A médio prazo, a próxima fronteira é a economia das emitentes de Ethereum. Com o ETH a negociar perto dos 2 041 euros, segundo a CoinGecko, os fundos como o ETHA e as variantes com staking trazem uma camada adicional de receita e de complexidade que merece a mesma análise de margens que fizemos para o Bitcoin. E a compressão de comissões, longe de parar, deve continuar a redesenhar quem ganha dinheiro e quanto.
No fundo, a história da IBIT é a história de um negócio brilhante com um motor que não controla. A comissão é fixa, a base é volátil, e a receita dança ao som do preço do Bitcoin. É o que a torna tão lucrativa no topo do ciclo, e tão exposta quando a maré vira.
Perguntas frequentes
Quanto é que a BlackRock ganha com a IBIT?
A IBIT cobra uma comissão fixa de 0,25% ao ano sobre os ativos sob gestão. A meio de setembro de 2026, com cerca de 60,3 mil milhões de dólares em ativos, isso equivale a uma receita anual estimada de cerca de 151 milhões de dólares. O valor sobe e desce com o preço do Bitcoin: chegou a rondar os 244 milhões no pico de outubro de 2025.
Porque é que a IBIT rendeu mais do que o fundo do S&P 500 da BlackRock?
Porque cobra uma comissão muito mais alta: 0,25% contra os 0,03% da IVV. Em julho de 2025, a IBIT chegou a render mais em comissões, cerca de 187 milhões por ano, apesar de gerir muito menos dinheiro. Depois de o Bitcoin cair, porém, a IVV, com mais de 840 mil milhões em ativos, voltou a liderar em receita.
Um investidor em Portugal pode comprar a IBIT?
Em regra, não como investidor de retalho, porque a IBIT não tem o documento de informação fundamental exigido na União Europeia e os fundos UCITS não permitem um único ativo. A alternativa são os ETP de Bitcoin negociados nas bolsas europeias ou a compra à vista em prestadores registados no Banco de Portugal, com a CMVM a supervisionar a conduta de mercado.
Qual é o ETP de Bitcoin mais barato na Europa?
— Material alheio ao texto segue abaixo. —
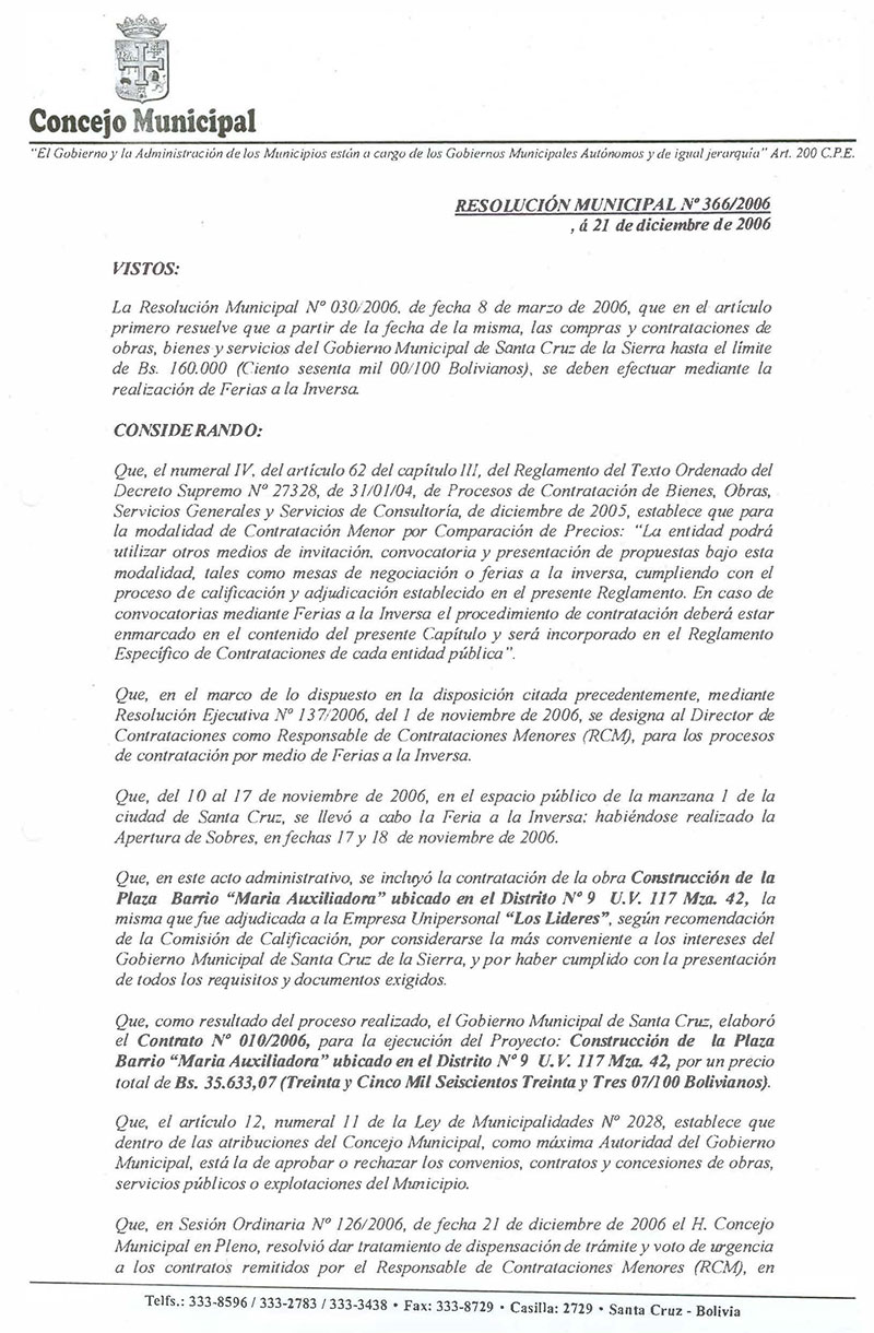 Se aprueba el Contrato No. 010/2006, para la ejecución del Proyecto: Construcción de la Plaza Barrio “Maria Auxiliadora”, ubicado en el Distrito No. 9, UV-117, Mza. 42, suscrito entre el Gobierno Municipal de Santa Cruz de la Sierra y la Empresa Unipersonal “Los Lideres”.

O CoinShares Physical Bitcoin cortou a comissão para 0,15% em fevereiro de 2026, ficando entre os mais baratos da Europa. No extremo oposto, o Bitwise Physical Bitcoin, antigo ETC Group, cobra 2,00% ao ano, funcionando como o equivalente europeu ao caro e antigo GBTC americano.
A subida de juros da Fed afeta os ETF de Bitcoin?
Sim, de forma indireta mas direta na receita. Juros mais altos tendem a pressionar o Bitcoin, o que encolhe os ativos dos fundos e a comissão que cobram. Com cerca de 87% de probabilidade de subida na reunião de 16 de setembro de 2026, os fluxos já tinham virado para saídas na semana de 8 a 12 de setembro.
Beatriz Fonseca escreve sobre mercados e produtos de investimento em cripto para a HOGE Wire.